How do we realign with Divine Power? Rev. Joanne reminds us that at all times we have within us the Twelve Powers as an omnipresent resource to connect with the Divine. It is fast, easy, and effective to keep in mind short affirmations to remind us of our Divine nature:
From Unity Worldwide Ministries:
Affirmation: Faith blesses my day and paves my way.
Affirmation: I have the strength to accomplish all that is mine to do.
Affirmation: I am guided by divine wisdom in every thought, word, and action.
Affirmation: I am a center of love.
Affirmation: I have the power to create my world.
Affirmation: I imagine good unfolding in every area of my life.
Affirmation: My understanding of Truth deepens and directs my life.
Affirmation: I choose (will) my good based on spiritual understanding.
Affirmation: My life is balanced and in order, and all is well.

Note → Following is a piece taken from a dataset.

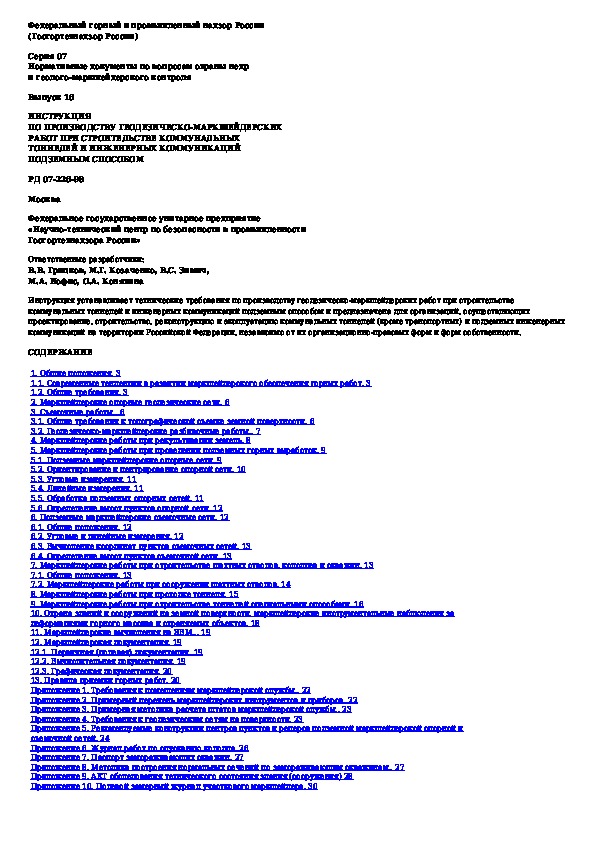 Наша цель состоит в том, чтобы предоставить вам быстрый доступ к содержанию документа Инструкция по производству геодезическо-маркшейдерских работ при строительстве коммунальных тоннелей и инженерных коммуникаций.

Affirmation: I enthusiastically (zeal) accept my good and go forward to achieve my purpose.
Affirmation: I release anything and everything that no longer serves my unfolding good.
Affirmation: I am filled with life, sweet life.
People can become skeptical to the idea that spiritual principles can have a positive affect on our lives. Rev. Joanne tells a story of a young man who has become jaded by all of the ills he sees in the world and concludes that is evidence that spiritual principles do not work. He asks his rabbi about this. The rabbi shows the young man a group of children who are dirty and messy from playing on the ground. He says the dirt on the children is like the ills of the world and that the soap they will use to bathe are spiritual principles that cleanse us. Just as we must wash ourselves daily, so too must we use spiritual principles to cleanse our spirit. Dirt does not indicate the principles are ineffective, only that it must be used regularly.
Like the butterfly, we can transform ourselves. Just as the butterfly does, we must learn to live in the now moment. Using the spiritual tools we know, we can transform ourselves for the better, and in so doing make the world a more pleasant place for everyone.
Do not conform to the pattern of this world, but be transformed by the renewing of your mind. Then you will be able to test and approve what God's will is - his good, pleasing and perfect will. Romans 12:2
This week, spend some time each day in quiet solitude. Use this time for self-reflection, gratitude, dreaming, and affirming. Consider how you can turn your life right side up today! Spend time each day taking action. Consider what you can do today to live right side up.
1Goodier, Steve, Lessons of the Turtle, Living Right Side Up, Life Support System Pub Inc, 2002.